Eikonal Methods in AdS/CFT: BFKL Pomeron at Weak Coupling

TL;DR

The paper develops a position-space formulation of high-energy Regge physics in N=4 SYM, unifying weak- and strong-coupling regimes via AdS/CFT. It shows that at weak coupling the planar four-point function is governed by the BFKL pomeron with a coupling- and ν-dependent trajectory, and it constructs a conformally invariant kernel and a basis of impact factors in position space. A key result is the explicit expression for the BFKL amplitude as a ν-integral with impact factors V(ν) and ȼV(ν), and the demonstration that only the n=0 transverse-spin component contributes for scalar external operators.
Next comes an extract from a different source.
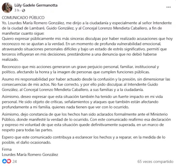 El comunicado resalta que las acciones previas perjudicaron gravemente el ámbito familiar y político del intendente y del concejal. “Pido disculpas al intendente Guido González y al concejal Lorenzo Mendieta”, reiteró la mujer tras el escándalo mediático generado. Ella sostiene que la situación también derivó en ataques y críticas directas hacia sus propios familiares cercanos.

The framework naturally leads to an AdS eikonal interpretation of multi-pomeron exchanges and raises questions about unitarity and saturation in AdS, hinting at rich connections between string dynamics in AdS and high-energy QCD phenomena.

Abstract

We consider correlators of N=4 super Yang Mills of the form A ~ < O_1 O_2 O*_1 O*_2 >, where the operators O_1 and O_2 are scalar primaries. In particular, we analyze this correlator in the planar limit and in a Lorentzian regime corresponding to high energy interactions in AdS. The planar amplitude is dominated by a Regge pole whose nature varies as a function of the 't Hooft coupling g^2. At large g, the pole corresponds to graviton exchange in AdS, whereas at weak g, the pole is that of the hard perturbative BFKL pomeron. We concentrate on the weak coupling regime and analyze pomeron exchange directly in position space. The analysis relies heavily on the conformal symmetry of the transverse space E^2 and of its holographic dual hyperbolic space H_3, describing with an unified language, both the weak and strong 't Hooft coupling regimes. In particular, the form of the impact factors is highly constrained in position space by conformal invariance. Finally, the analysis suggests a possible AdS eikonal resummation of multi-pomeron exchanges implementing AdS unitarity, which differs from the usual 4-dimensional eikonal exponentiation. Relations to violations of 4-dimensional unitarity at high energy and to the onset of nonlinear effects and gluon saturation become immediate questions for future research.

Figures (13)

• Figure 1: CFT points $\mathbf{x}_i$ on the boundary of global AdS. Shown is the relevant Lorentzian kinematics, with $\mathbf{x}_{4}$ in the future of $\mathbf{x}_{1}$, $\mathbf{x}_{3}$ in the future of $\mathbf{x}_{2}$, and with the pairs $\mathbf{x}_{1}$, $\mathbf{x}_{2}$ and $\mathbf{x}_{3}$, $\mathbf{x}_{4}$ spacelike related. This choice corresponds to a $2$ to $2$ interaction in the bulk of AdS.
• Figure 2: (a) The kinematics (\ref{['in100']}) and (\ref{['in100BIS']}) for the Lorentzian amplitude $\hat{\mathcal{A}}$. (b) For this kinematics we show the relevant analytic continuation in $z,\bar{z}$ for $\hat{\mathcal{A}}$, starting from the Euclidean amplitude $\mathcal{A}$ with $\bar{z}=z^{\star}$.
• Figure 3: Exchange of a BFKL pomeron. At leading order in the coupling constant, the kernel $F$ is given by the exchange of a pair of transverse gluons in a color singlet state.
• Figure 4: Hyperbolic $3$--space H$_3$ seen as the unit mass--shell in $\mathbb{M}^4$, given by points $\mathbf{w}\in\mathrm{M}$ with $\mathbf{w}^{2}=-1$. The boundary $\partial\mathrm{H}_3$ is then naturally identified with lines in the light--cone, given by points $\mathbf{z}\in\partial\mathrm{M}$ with $\mathbf{z}^{2}=0$, defined up to rescalings $\mathbf{z}\sim\alpha\mathbf{z}$.
• Figure 5: Integral representation of the $n=0$ component of the BFKL kernel.